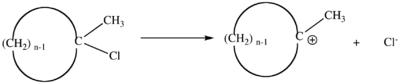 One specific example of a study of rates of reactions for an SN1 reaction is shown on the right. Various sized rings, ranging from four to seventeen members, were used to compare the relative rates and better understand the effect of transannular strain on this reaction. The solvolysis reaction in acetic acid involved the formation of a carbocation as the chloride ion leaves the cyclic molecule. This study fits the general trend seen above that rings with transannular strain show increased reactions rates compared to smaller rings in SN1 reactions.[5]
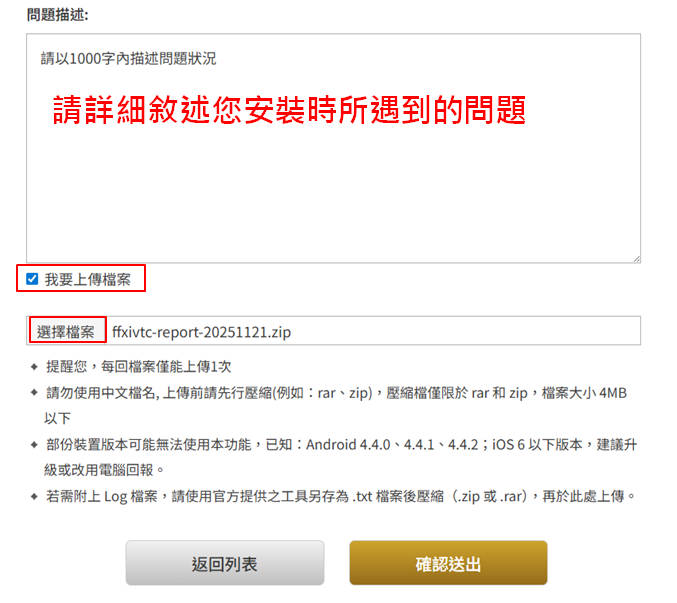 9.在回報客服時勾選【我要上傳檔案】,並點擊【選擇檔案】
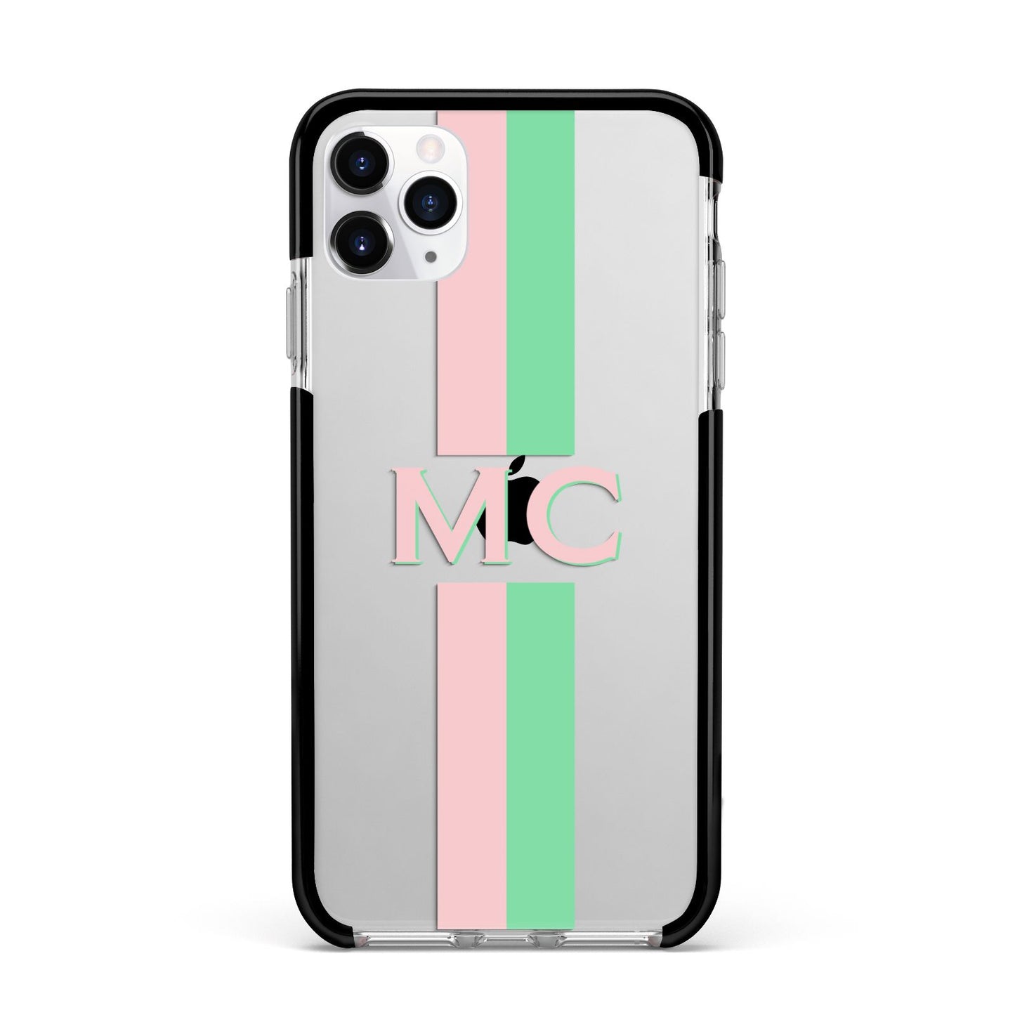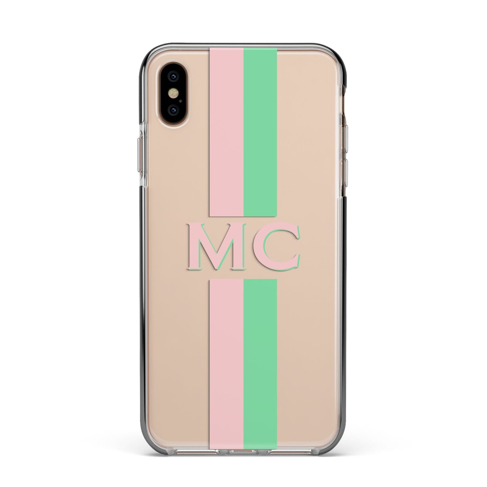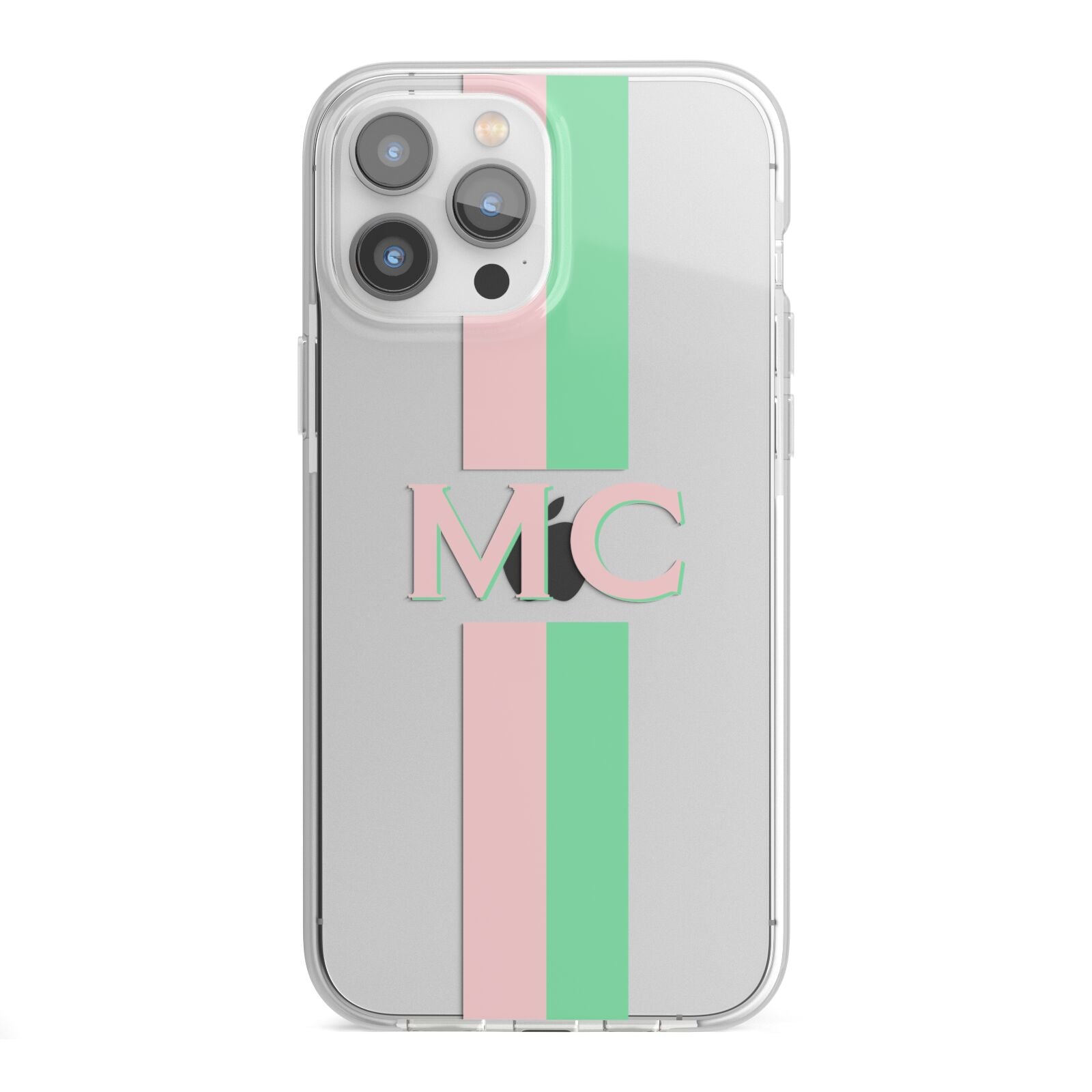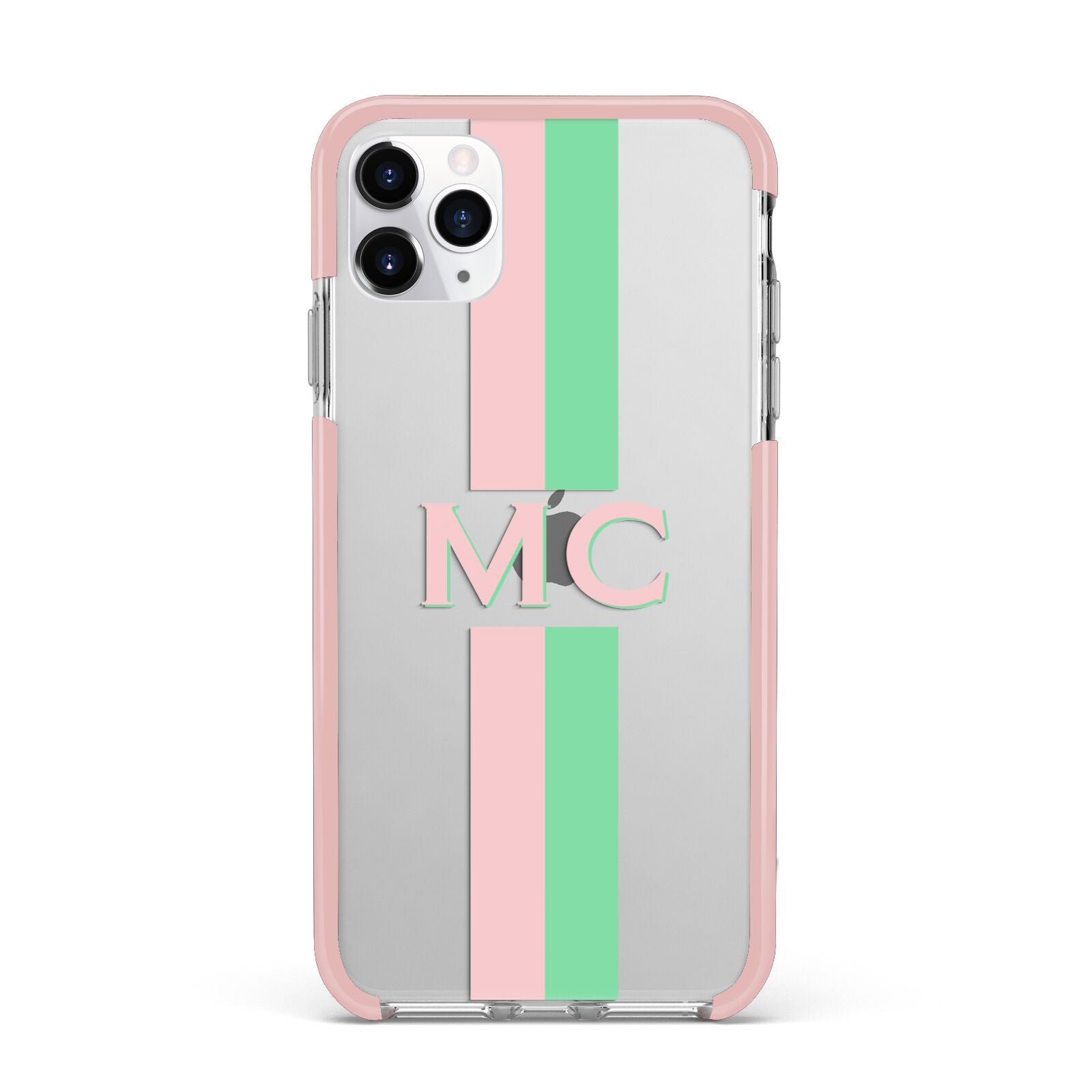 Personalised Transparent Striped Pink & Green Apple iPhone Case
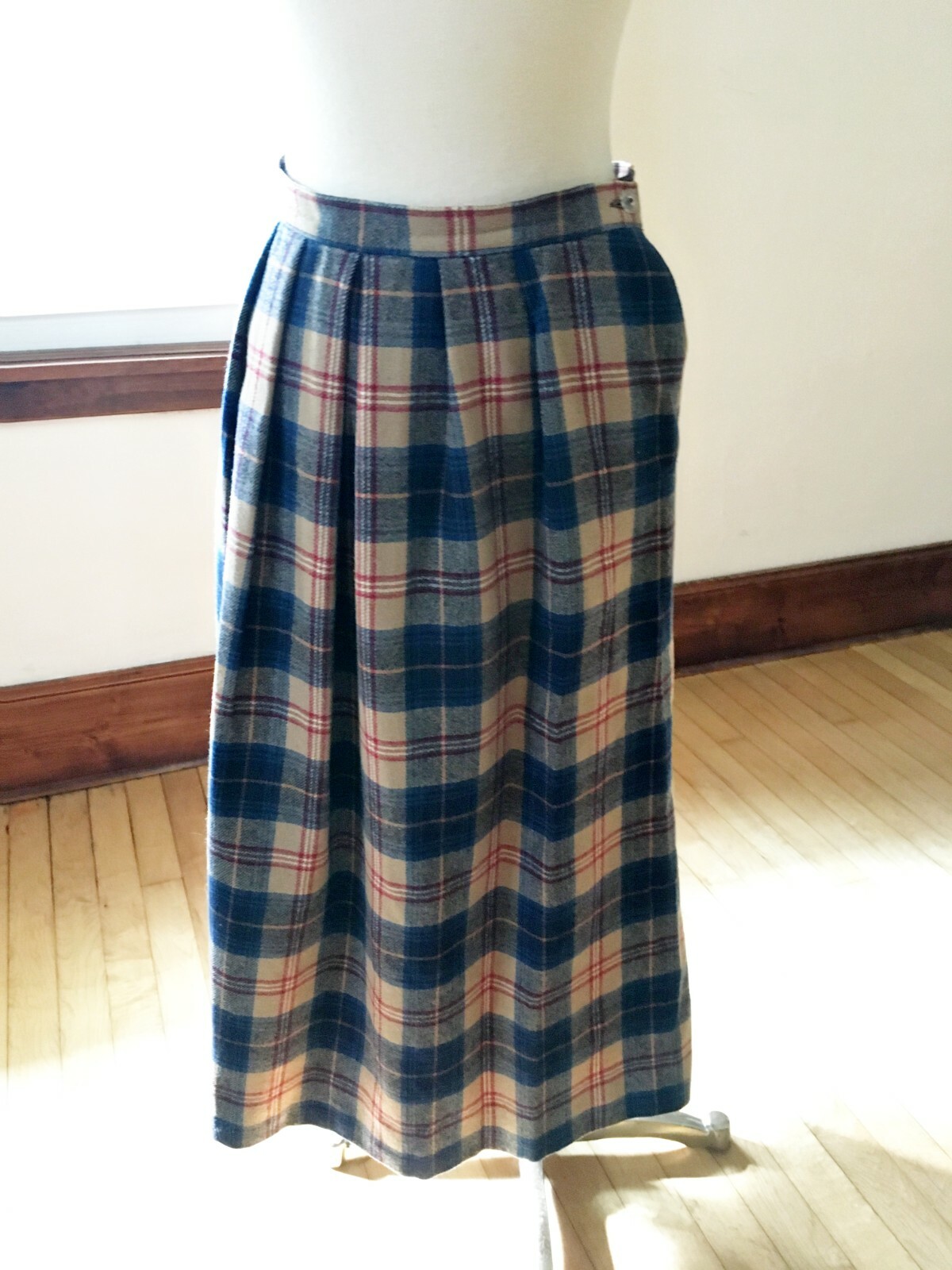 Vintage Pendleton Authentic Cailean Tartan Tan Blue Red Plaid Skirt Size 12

DIRECTIONS
Repeat the listing above in full, exactly, and omit its pictures.

THE COMPLETED TASK
 One specific example of a study of rates of reactions for an SN1 reaction is shown on the right. Various sized rings, ranging from four to seventeen members, were used to compare the relative rates and better understand the effect of transannular strain on this reaction. The solvolysis reaction in acetic acid involved the formation of a carbocation as the chloride ion leaves the cyclic molecule. This study fits the general trend seen above that rings with transannular strain show increased reactions rates compared to smaller rings in SN1 reactions.[5]
 9.在回報客服時勾選【我要上傳檔案】,並點擊【選擇檔案】
 Personalised Transparent Striped Pink & Green Apple iPhone Case
 Vintage Pendleton Authentic Cailean Tartan Tan Blue Red Plaid Skirt Size 12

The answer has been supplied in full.